Roll over Bruce R. McConkie: Creating Mormon History Playing Cards

By April 26, 2013

IMG_20130426_130639_788I recently returned from my vacation to Tahiti.  While I was there, I discovered a set of playing cards where each of the cards was a different person from Tahitian history from the reign of Queen Pomare.  Iotete, a Tahitian chief who signed a document requesting that the French annex the islands, appears on a blue card wearing a feathered headdress and a red European-style coat.  The card also shows him as being heavily tattooed and wearing a grim expression.  Another card depicts Constance Gordon-Cumming, a Scottish travel writer who traveled to Tahiti in the 1870s and wrote extensively about her travels.  She appears as a young woman, dressed in a stylish red hat and yellow ribbons.  Although the Mormon missionaries Addison Pratt, Benjamin F. Grouard, and James Brown had their own corner (complete with facsimiles of their journals) in the Musee de Tahiti, they didn’t make the cut for the playing cards.

Reading the cards made me think about what a Mormon set of cards would like.  I know, I know, Bruce R. McConkie, Joseph F. Smith, and a slew of other people are rolling over in their graves.  What epic of Mormon history would you focus your cards on?  Who would appear?  The Tahitian cards are also grouped into 7 families – the Royal Family, the Gods, the Tahitian people, the Sorcerers or Priests, the Foreigners, the Missionaries, and the Chinese.  What groups would you set up?  Personally, I would focus on Utah in the second half of the nineteenth century.  I think there would have to be a category for ex-Mormons, faithful Latter-day Saints, federal officials, Church leaders, Lamanites, and perhaps Gentiles.  Ann Eliza and Fanny Stenhouse would definitely have cards in my set, as would Augusta Cobb Young and Susa Young Gates.  What do you think?  What would your cards look like?IMG_20130426_130550_619

I look forward to reading the comments.  And, Deseret Book, there’s a market in this.  The Tahitian souvenir shop was selling their cards for 1400 Pacific Franks or about $15.00 a set.

Article filed under Miscellaneous


  1. Wait, I’m still stuck on your first sentence. You got to go to Tahiti? I’m envious.

    Fun post. I like your idea of having different series. One set for Latter-day prophets and well-known apostles, yes. But also one set for the unknown Saints (especially of the 20th century) like those featured at Keepapitchinin. I mean, if we’re going to have an “uncorrelated” set of playing cards, why not devote them to the unsung heroes who we never hear about in curriculum manuals?

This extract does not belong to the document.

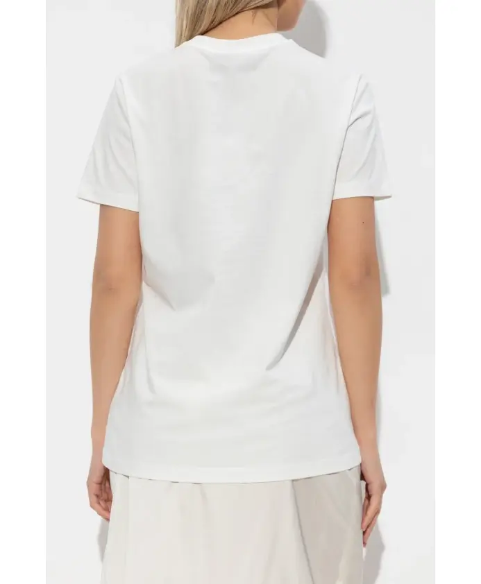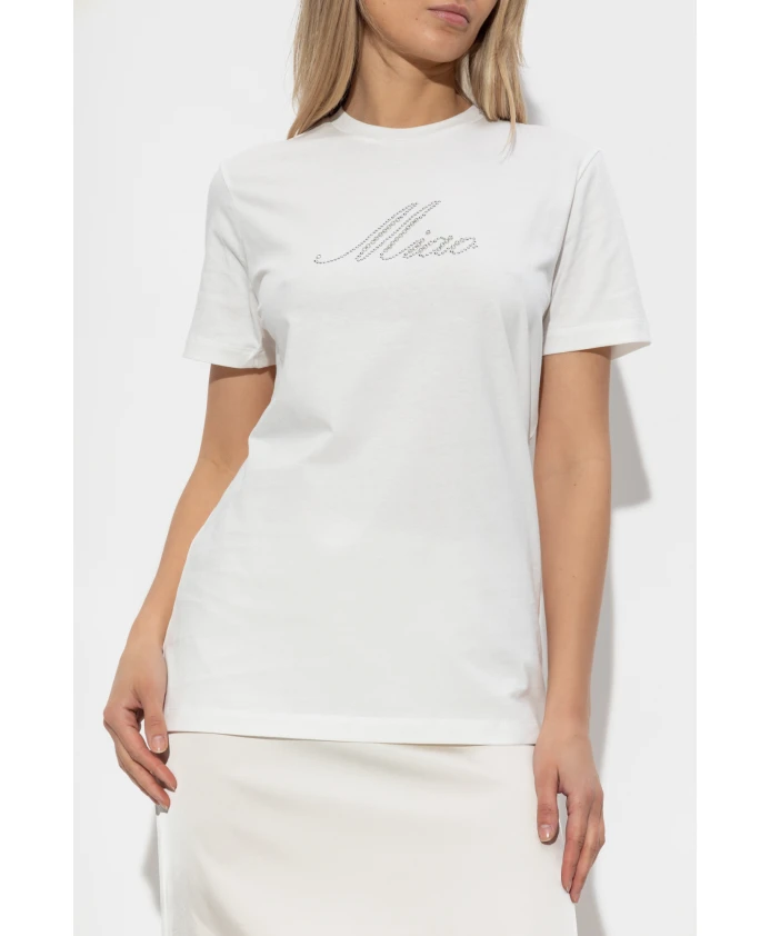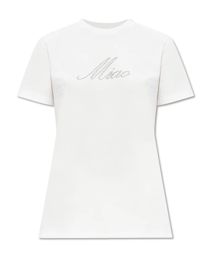Футболка LOGO от Blumarine - воплощение изысканной простоты в женском гардеробе. Нежный белый оттенок гармонично сочетается с классическим, слегка приталенным силуэтом прямого кроя, тонко подчеркнутым круглым вырезом и короткими рукавами. Футболка изготовлена из мягкого, высококачественного хлопка приятной текстуры, обеспечивающего не только легкость, но и комфорт на каждый день. Самая яркая деталь - декоративная надпись «Miu», выполненная из мерцающих аппликаций в виде мелких кристаллов, искусно расположенных в центре груди орнаментальным шрифтом. Образ дополняют аккуратные детали, без лишних швов и необработанных краев. Этот дизайн воплощает современную элегантность и утонченную женственность, подчеркнутую уникальным логотипом и репутацией итальянского бренда. ПОЧЕМУ СТОИТ КУПИТЬ ЭТОТ ТОВАР? * Эксклюзивный характер и кропотливая работа * Уникальный, сверкающий логотип с кристаллами * Высококачественная, мягкая хлопковая ткань * Универсальный крой, подходящий для многих нарядов * Воплощение вневременной элегантности Blumarine Параметры модели Рост: 176 см Обхват груди: 85 см Обхват талии: 60 см Обхват бедер: 89 см Модель носит размер: XS

    Comment by Hunter — April 26, 2013 @ 2:59 pm

  2. My sibling created extended family playing cards. They are great fun.

    Comment by J. Stapley — April 26, 2013 @ 7:48 pm

  3. Nice title and fun post, Amanda. I think a deck with Mormon missionaries would be fun, and it would allow one to span the entirety of the 19th century and/or the 20th. And although no one else would buy it, I’d love a set of cards featuring Methodist converts to Mormonism.

    Comment by Christopher — April 26, 2013 @ 9:41 pm

  4. That feminist icon and General Relief Society President, Emmaline B Wells should be depicted as a Queen.

    Comment by Wonderdog — April 27, 2013 @ 7:33 am

  5. Hunter – the set of cards of unknowns would be fascinating. Perhaps we could have a group of people from the little known Gentile town of Corinne, a group from the outer settlements, a group of Mormons living in SLC, etc.

    J. – I wish someone in my family would do that. It would be fantastic to play “Go Fish” and have to ask for Great Grandma Cummings or something like that.

    Christopher – I would buy the last set! So there’s a market of at least two!

    Wonderdog – Oooo…. I like the idea of having Emmeline B. Wells as Queen but I’m partial to Emma. Her Mormonism was so different from Brigham’s and Joseph’s.